1. Summary

We have created optimized parallel implementations of the deduplication module in CloudFS (a hybrid cloud-backed local file system, developed in 18-746: Storage Systems), that makes use of Rabin fingerprinting for chunking on a multi-core CPU platform, and performed a detailed analysis of the system’s performance characteristics. We have also explored using a GPU for accelerating the computation of the Rabin fingerprinting algorithm and implemented a naive version using CUDA.

2. Background

2.1. CloudFS and deduplication module

In file systems, a common way to avoid redundant computations and storage is to perform deduplication on the data. Cloudfs is one such file system which we developed as a part of 18-746 (Storage Systems) class which performs deduplication across files. The deduplication module detects duplicate content during any write/update operation in the filesystem, using a popular content-based chunking algorithm - The Rabin fingerprinting algorithm. The deduplication module at a high level performs the following 3 operations :

2.2. Rabin fingerprinting

It detects boundaries of these chunks in the input data based on the content. A chunk is the data between 2 such boundaries. This may lead to variable sized chunks.
alt text
Figure B: Basic working of Rabin Fingerprinting algorithm

As seen in Figure B, the algorithm computes fingerprints over a sliding window of data. The fingerprint calculation involves polynomial division of a polynomial of degree w-1 for a w bit sequence, with an irreducible polynomial of degree k.

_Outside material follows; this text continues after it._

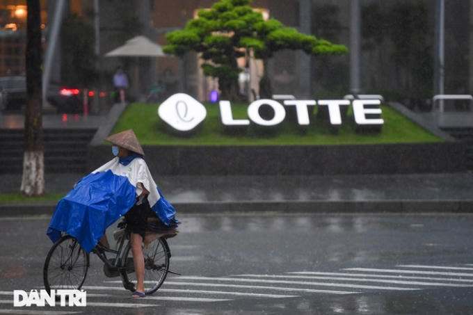 Một người phụ nữ đội mưa dừng chân chờ qua đèn đỏ chân tòa nhà Lotte.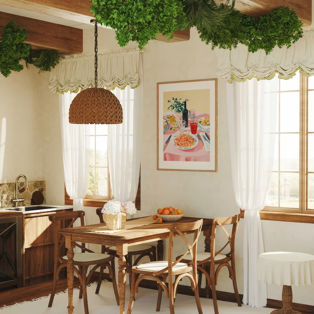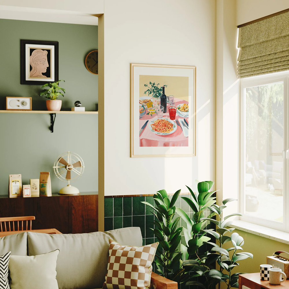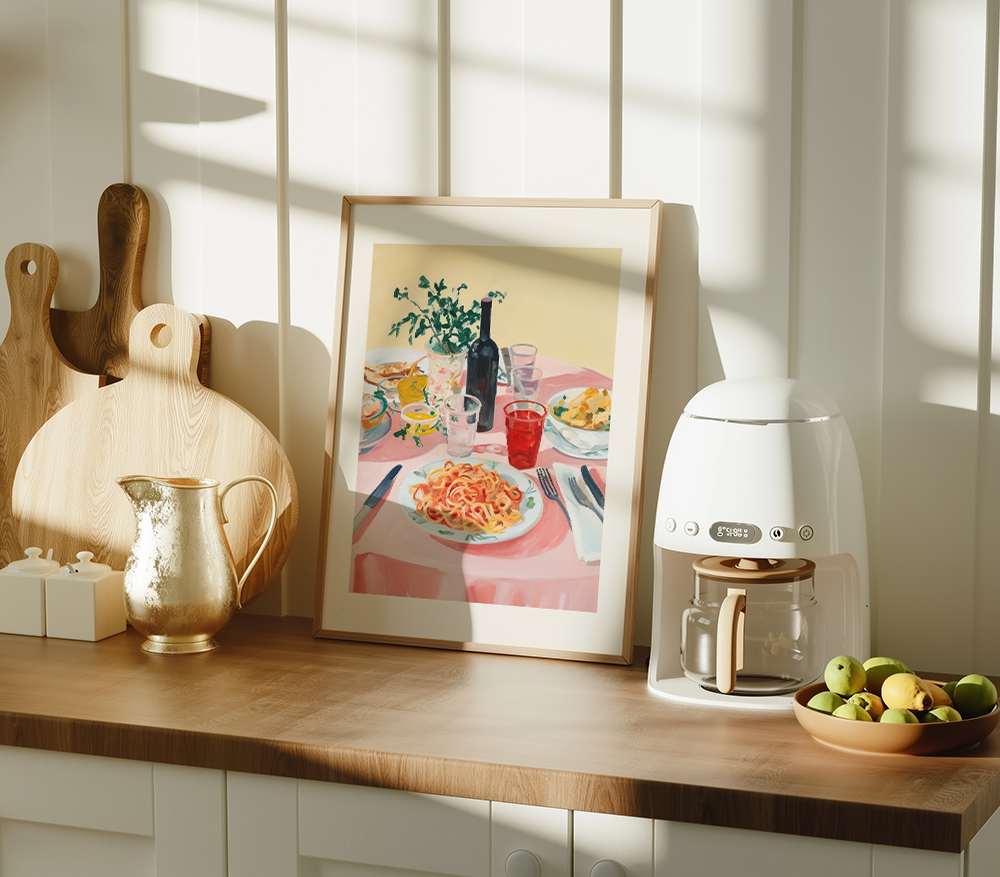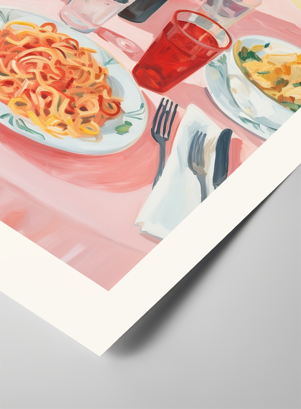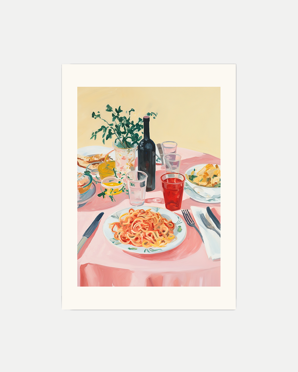 A painting of a dinner table scene with light yellow and pink pastel colors. The painting has a white border that frames the design.

This is a very computationally intensive operation.

Data structures:

The state of the rabin algorithm is maintained by the rabinpoly library structure :

struct rabinpoly {
    u_int64_t poly;                 // Actual polynomial
    unsigned int window_size;       // in bytes
    unsigned int avg_segment_size;  // in KB
    unsigned int min_segment_size;  // in KB
    unsigned int max_segment_size;  // in KB
    u_int64_t fingerprint;      // current rabin fingerprint
    u_int64_t fingerprint_mask; // to check if we are at segment boundary
    u_char *buf;                // circular buffer of size 'window_size'
    unsigned int bufpos;        // current position in ciruclar buffer
    unsigned int cur_seg_size;  // tracks size of the current active segment 
    int shift;
    u_int64_t T[256];       // Lookup table for mod
    u_int64_t U[256];
};

Operations:

Following key operations are supported by the dedup library:
rabin_init() : initialises the rabinpoly struct and constructs lookup buffers
compute_rabin_segments() : Performs the actual computation of finding the markers/chunk boundaries
rabin_reset(): Use this to use the same rabinpoly struct for a different file
rabin_free(): Called at the end to free all resources allocated by rabin_init()

Input and Output to the algorithm:

2.3. Motivation for parallel dedup (Computationally expensive part)

alt text
Figure C : Breakdown of the execution times in different sections of the deduplication module. About 88% of dedupe time is spent in computation.

As seen in Figure C, on observing the execution times of various sections in the deduplication module, it was observed that majority of the time was spent in the Rabin Fingerprint function, whereas read and MD5 computation time was much lesser. Thus, The computation time in this case is greater than the I/O or bandwidth latency of the filesystem and it is thus, compute-bound. Hence, content based chunking algorithm will definitely benefit from parallelism as it will directly improve the file system throughput. Our goal was to improve reduce the execution time of the computation by parallelising it.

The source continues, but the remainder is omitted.